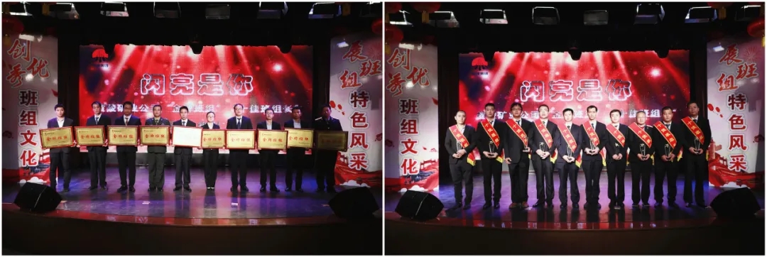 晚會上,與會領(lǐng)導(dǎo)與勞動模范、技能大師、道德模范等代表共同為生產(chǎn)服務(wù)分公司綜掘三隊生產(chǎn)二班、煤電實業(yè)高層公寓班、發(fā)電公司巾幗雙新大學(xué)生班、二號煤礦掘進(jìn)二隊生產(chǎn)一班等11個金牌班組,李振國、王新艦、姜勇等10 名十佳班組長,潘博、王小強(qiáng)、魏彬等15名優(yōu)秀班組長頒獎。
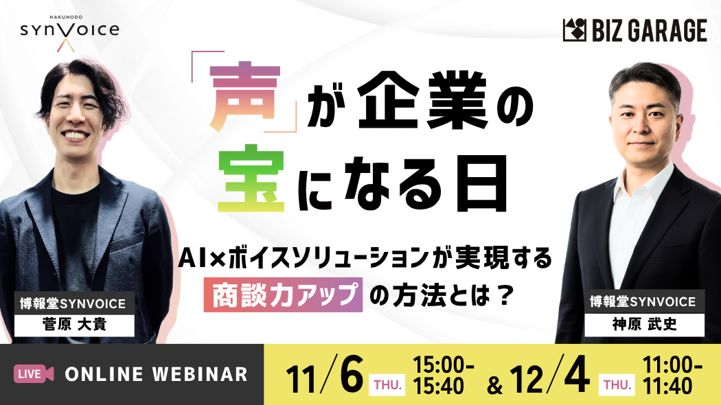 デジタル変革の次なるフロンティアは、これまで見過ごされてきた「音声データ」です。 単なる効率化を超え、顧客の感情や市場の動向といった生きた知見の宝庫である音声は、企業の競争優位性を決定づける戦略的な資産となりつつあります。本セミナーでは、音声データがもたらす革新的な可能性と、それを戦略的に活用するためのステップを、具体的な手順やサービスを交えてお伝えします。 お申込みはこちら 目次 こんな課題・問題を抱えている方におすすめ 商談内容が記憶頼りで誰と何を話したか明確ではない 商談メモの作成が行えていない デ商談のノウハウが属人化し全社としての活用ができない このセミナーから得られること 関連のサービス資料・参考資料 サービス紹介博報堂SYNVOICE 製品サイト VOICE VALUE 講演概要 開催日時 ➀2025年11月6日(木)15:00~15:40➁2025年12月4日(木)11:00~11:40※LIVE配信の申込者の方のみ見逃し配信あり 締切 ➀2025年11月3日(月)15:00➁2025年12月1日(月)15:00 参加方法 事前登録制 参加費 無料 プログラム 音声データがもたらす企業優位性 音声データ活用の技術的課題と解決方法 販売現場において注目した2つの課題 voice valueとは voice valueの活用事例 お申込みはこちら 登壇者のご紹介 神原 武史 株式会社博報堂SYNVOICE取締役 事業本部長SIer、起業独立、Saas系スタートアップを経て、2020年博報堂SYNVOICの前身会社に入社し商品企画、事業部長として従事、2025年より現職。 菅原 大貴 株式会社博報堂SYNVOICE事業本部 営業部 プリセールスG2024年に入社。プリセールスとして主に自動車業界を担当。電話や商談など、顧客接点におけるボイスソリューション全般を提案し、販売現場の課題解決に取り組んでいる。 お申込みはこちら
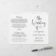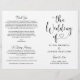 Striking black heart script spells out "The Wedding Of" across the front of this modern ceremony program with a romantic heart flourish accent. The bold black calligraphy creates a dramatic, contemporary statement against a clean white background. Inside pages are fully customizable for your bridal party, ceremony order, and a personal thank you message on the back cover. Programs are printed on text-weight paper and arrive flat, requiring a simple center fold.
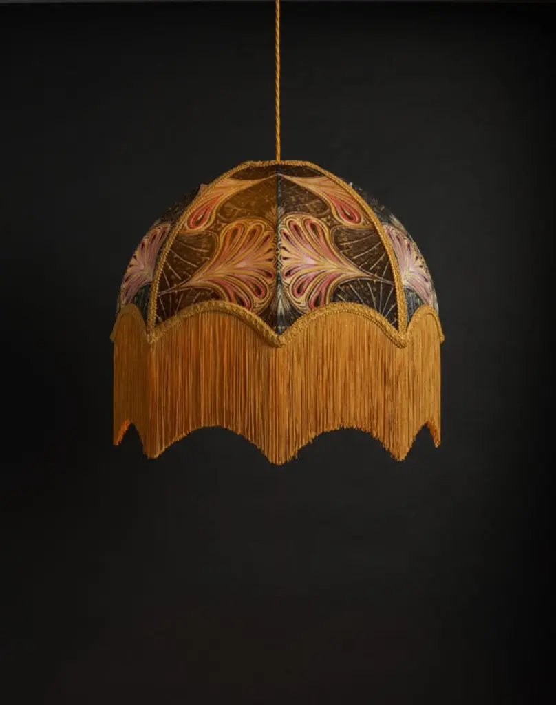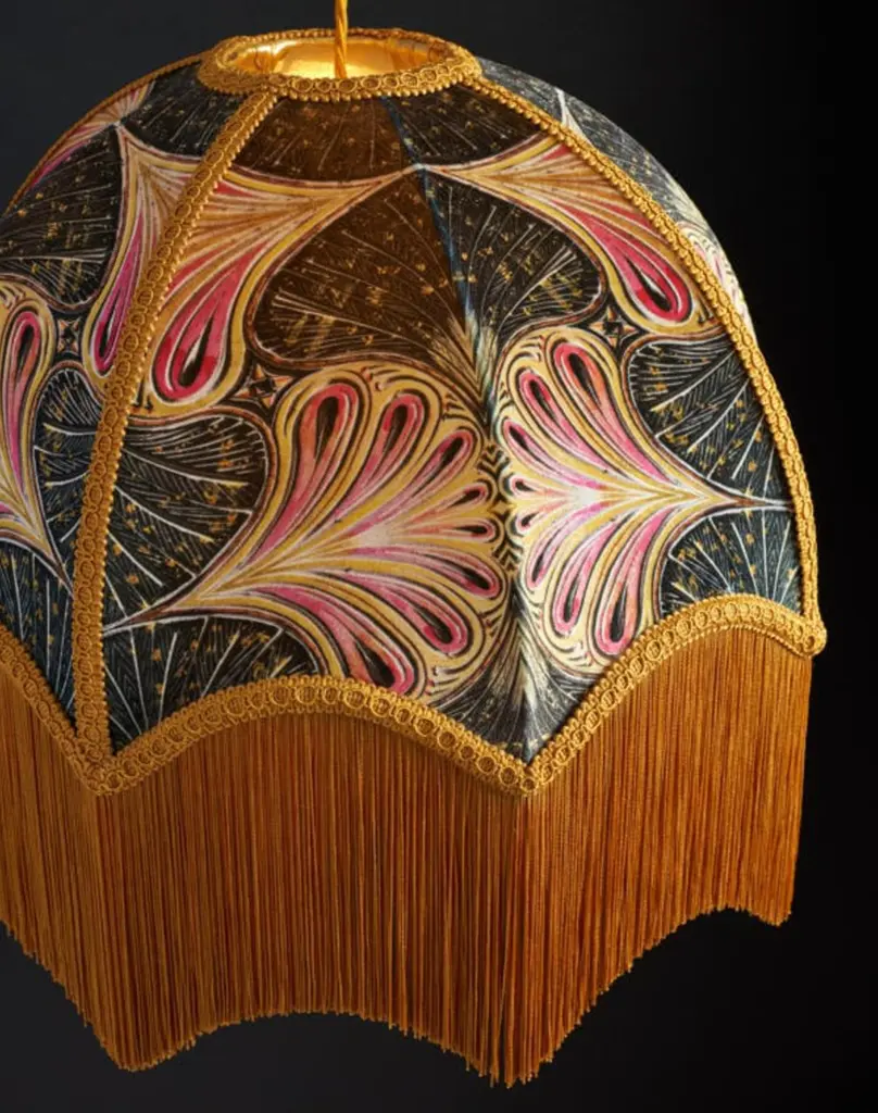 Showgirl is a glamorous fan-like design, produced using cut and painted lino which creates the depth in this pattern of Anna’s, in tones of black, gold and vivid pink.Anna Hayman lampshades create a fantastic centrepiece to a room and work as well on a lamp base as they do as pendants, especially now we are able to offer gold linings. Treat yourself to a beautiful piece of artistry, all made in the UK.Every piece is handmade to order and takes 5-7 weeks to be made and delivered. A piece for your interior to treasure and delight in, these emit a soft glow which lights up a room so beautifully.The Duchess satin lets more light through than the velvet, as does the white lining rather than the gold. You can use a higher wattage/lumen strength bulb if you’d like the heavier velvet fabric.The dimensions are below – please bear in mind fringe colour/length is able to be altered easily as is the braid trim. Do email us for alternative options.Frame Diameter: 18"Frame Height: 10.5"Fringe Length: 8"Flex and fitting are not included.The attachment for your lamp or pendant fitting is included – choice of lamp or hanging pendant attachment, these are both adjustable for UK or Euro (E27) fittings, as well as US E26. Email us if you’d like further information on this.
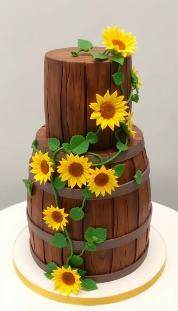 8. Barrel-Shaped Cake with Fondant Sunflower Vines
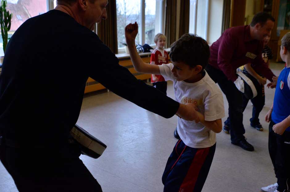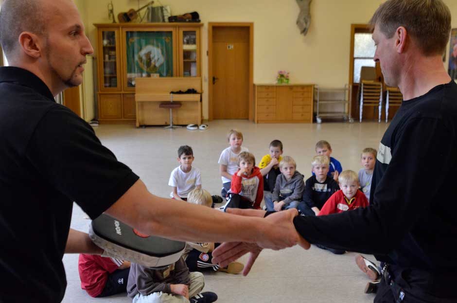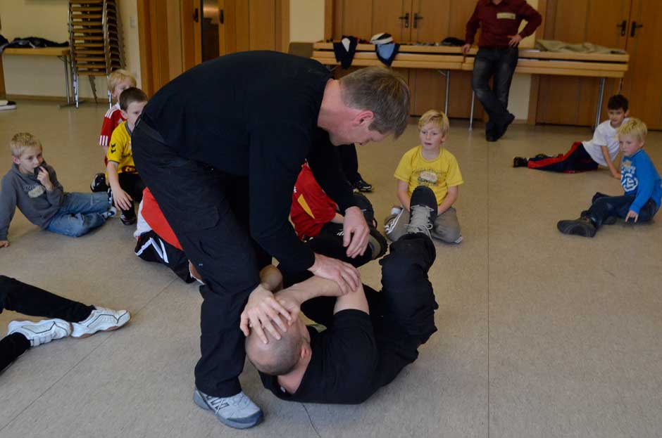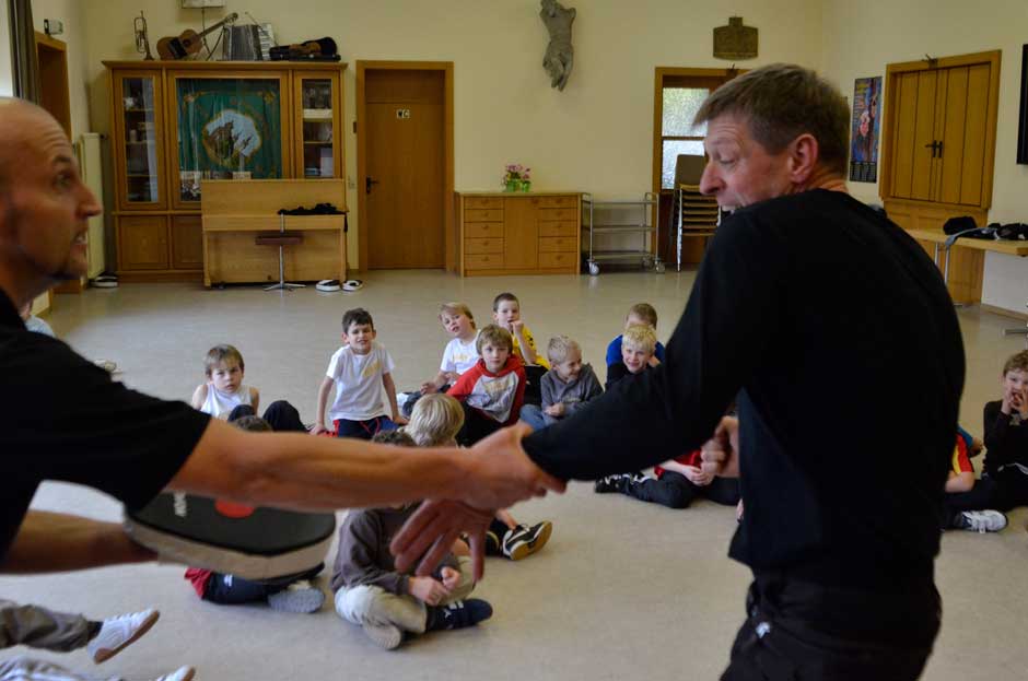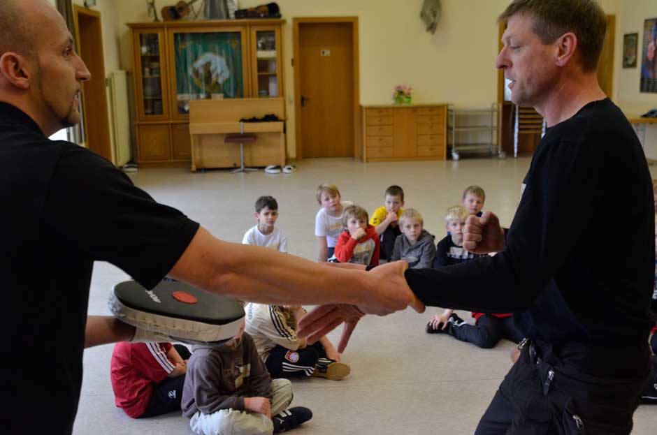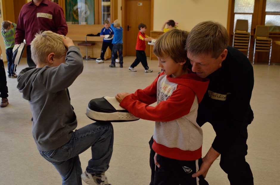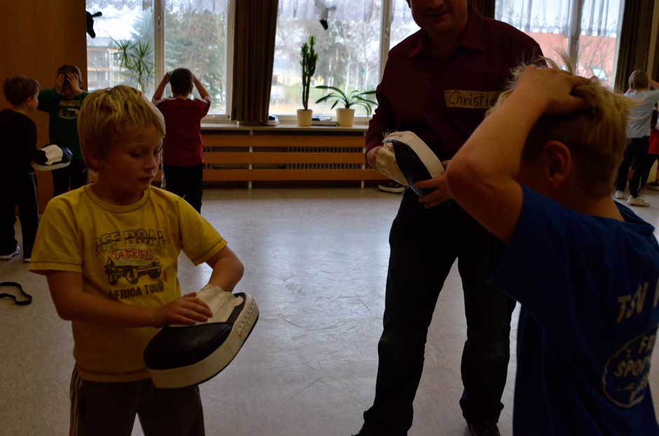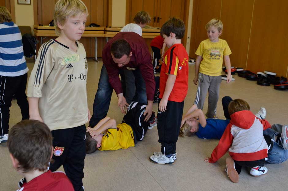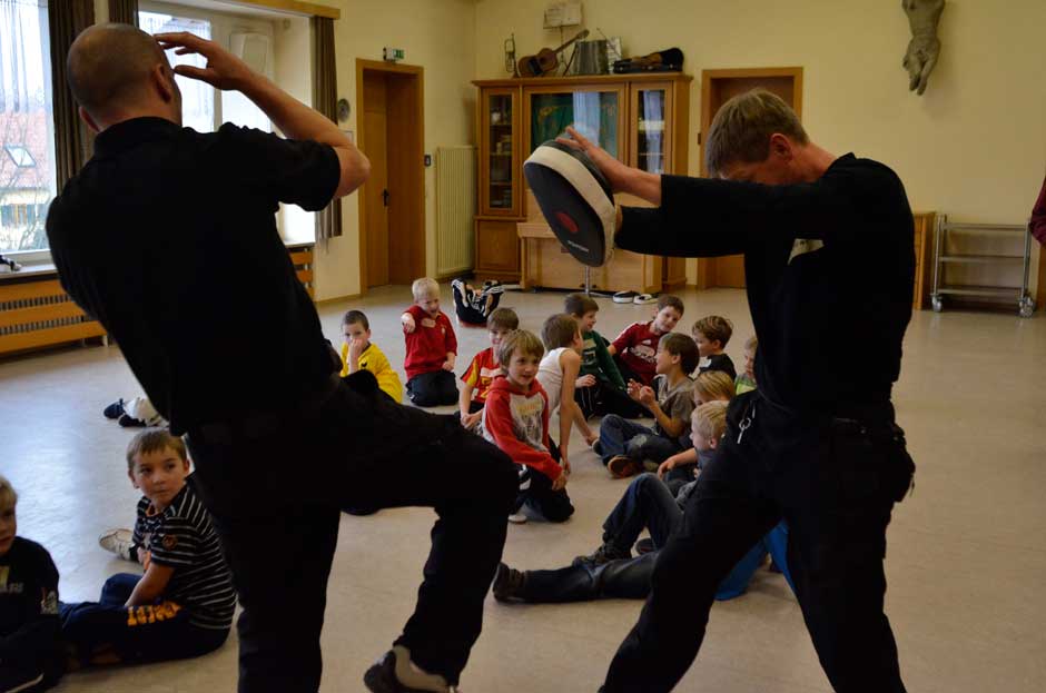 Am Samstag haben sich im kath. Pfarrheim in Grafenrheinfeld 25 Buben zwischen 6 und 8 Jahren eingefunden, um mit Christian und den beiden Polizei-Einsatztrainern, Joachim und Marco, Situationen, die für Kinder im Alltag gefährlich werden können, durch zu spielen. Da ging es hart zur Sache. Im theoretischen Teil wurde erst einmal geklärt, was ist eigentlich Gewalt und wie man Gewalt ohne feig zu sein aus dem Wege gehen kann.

** TASK DIRECTIONS **
Transcribe all records verbatim, no pictures.

** ANSWER BOX **
 晚會上,與會領(lǐng)導(dǎo)與勞動模范、技能大師、道德模范等代表共同為生產(chǎn)服務(wù)分公司綜掘三隊生產(chǎn)二班、煤電實業(yè)高層公寓班、發(fā)電公司巾幗雙新大學(xué)生班、二號煤礦掘進(jìn)二隊生產(chǎn)一班等11個金牌班組,李振國、王新艦、姜勇等10 名十佳班組長,潘博、王小強(qiáng)、魏彬等15名優(yōu)秀班組長頒獎。
 デジタル変革の次なるフロンティアは、これまで見過ごされてきた「音声データ」です。 単なる効率化を超え、顧客の感情や市場の動向といった生きた知見の宝庫である音声は、企業の競争優位性を決定づける戦略的な資産となりつつあります。本セミナーでは、音声データがもたらす革新的な可能性と、それを戦略的に活用するためのステップを、具体的な手順やサービスを交えてお伝えします。 お申込みはこちら 目次 こんな課題・問題を抱えている方におすすめ 商談内容が記憶頼りで誰と何を話したか明確ではない 商談メモの作成が行えていない デ商談のノウハウが属人化し全社としての活用ができない このセミナーから得られること 関連のサービス資料・参考資料 サービス紹介博報堂SYNVOICE 製品サイト VOICE VALUE 講演概要 開催日時 ➀2025年11月6日(木)15:00~15:40➁2025年12月4日(木)11:00~11:40※LIVE配信の申込者の方のみ見逃し配信あり 締切 ➀2025年11月3日(月)15:00➁2025年12月1日(月)15:00 参加方法 事前登録制 参加費 無料 プログラム 音声データがもたらす企業優位性 音声データ活用の技術的課題と解決方法 販売現場において注目した2つの課題 voice valueとは voice valueの活用事例 お申込みはこちら 登壇者のご紹介 神原 武史 株式会社博報堂SYNVOICE取締役 事業本部長SIer、起業独立、Saas系スタートアップを経て、2020年博報堂SYNVOICの前身会社に入社し商品企画、事業部長として従事、2025年より現職。 菅原 大貴 株式会社博報堂SYNVOICE事業本部 営業部 プリセールスG2024年に入社。プリセールスとして主に自動車業界を担当。電話や商談など、顧客接点におけるボイスソリューション全般を提案し、販売現場の課題解決に取り組んでいる。 お申込みはこちら
 Striking black heart script spells out "The Wedding Of" across the front of this modern ceremony program with a romantic heart flourish accent. The bold black calligraphy creates a dramatic, contemporary statement against a clean white background. Inside pages are fully customizable for your bridal party, ceremony order, and a personal thank you message on the back cover. Programs are printed on text-weight paper and arrive flat, requiring a simple center fold.
 Showgirl is a glamorous fan-like design, produced using cut and painted lino which creates the depth in this pattern of Anna’s, in tones of black, gold and vivid pink.Anna Hayman lampshades create a fantastic centrepiece to a room and work as well on a lamp base as they do as pendants, especially now we are able to offer gold linings. Treat yourself to a beautiful piece of artistry, all made in the UK.Every piece is handmade to order and takes 5-7 weeks to be made and delivered. A piece for your interior to treasure and delight in, these emit a soft glow which lights up a room so beautifully.The Duchess satin lets more light through than the velvet, as does the white lining rather than the gold. You can use a higher wattage/lumen strength bulb if you’d like the heavier velvet fabric.The dimensions are below – please bear in mind fringe colour/length is able to be altered easily as is the braid trim. Do email us for alternative options.Frame Diameter: 18"Frame Height: 10.5"Fringe Length: 8"Flex and fitting are not included.The attachment for your lamp or pendant fitting is included – choice of lamp or hanging pendant attachment, these are both adjustable for UK or Euro (E27) fittings, as well as US E26. Email us if you’d like further information on this.
 8. Barrel-Shaped Cake with Fondant Sunflower Vines
 Am Samstag haben sich im kath. Pfarrheim in Grafenrheinfeld 25 Buben zwischen 6 und 8 Jahren eingefunden, um mit Christian und den beiden Polizei-Einsatztrainern, Joachim und Marco, Situationen, die für Kinder im Alltag gefährlich werden können, durch zu spielen. Da ging es hart zur Sache. Im theoretischen Teil wurde erst einmal geklärt, was ist eigentlich Gewalt und wie man Gewalt ohne feig zu sein aus dem Wege gehen kann.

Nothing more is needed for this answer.